Les deux amoureux, John et Ella, vont se rencontrer dans la salle de bal de l’asile, s’apprivoiser, se découvrir s’aimer, à travers des mots, des regards, quelques pas de danses, la salle de bal étant le seul endroit où les hommes ne sont pas séparés des femmes. Ce n’est pas dévoiler l’intrigue, l’histoire d’amour étant le fil directeur de l’entier roman.

J’ai aimé le cadre choisi, celui d’un asile, le lieu de l’enfermement et du romanesque dramatique par excellence. Cela a comblé mon goût pour les huis clos. Anna Hope s’est inspirée de la vie de son grand-père, qui a été interné à l’Asile de Menston au début du XXe siècle, pour implanter son histoire dans un tel lieu.

Dans un asile, on craint la toute puissance médicale et ses décisions aléatoires (ce qui est pire, il y a plus d’un siècle), on s’attache aux personnages internés à tort ou pour des motifs illégitimes (merveilleux personnage de Clem), on espère la fuite et la libération.

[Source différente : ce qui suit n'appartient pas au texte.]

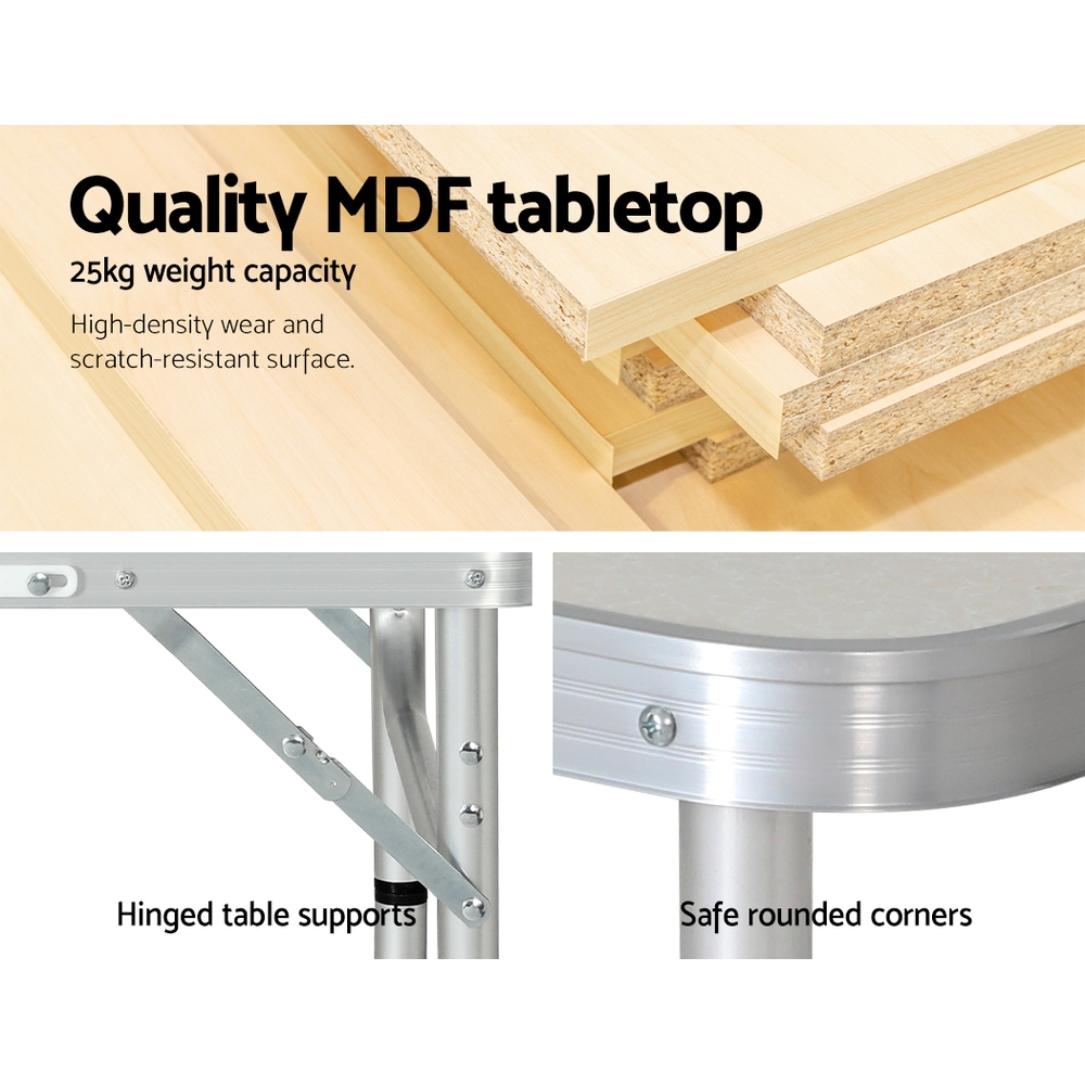 Made of strong aluminium throughout, the Camping Table can handle up to 25kg in weight with its rust-resistant MDF table top. The table height can also be easily adjusted for high-leg use as a dining table or short-leg use when sitting on the floor or placed next to your sleep area. Not least, the rounded corners ensure the Camping Table is safe to use around kids and adults at all times.
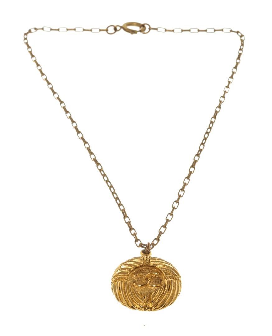 Chanel CC Gold Coco Mark Necklace. All available information is listed in the description and shown in the photos. Chanel CC Gold Coco Mark Necklace with gold tone metal hardware and pendant. Made in France and 17.4 inches length.

Tout y est dans La salle de bal. Anna Hope respecte tous les codes et remplit toutes les attentes du genre. Elle survole aussi la question des expérimentations médicales et les croyances thérapeutiques de l’époque, autour du personnage ambigü et peu agréable du Docteur Fuller, ce qui permet de donner un peu de densité au livre.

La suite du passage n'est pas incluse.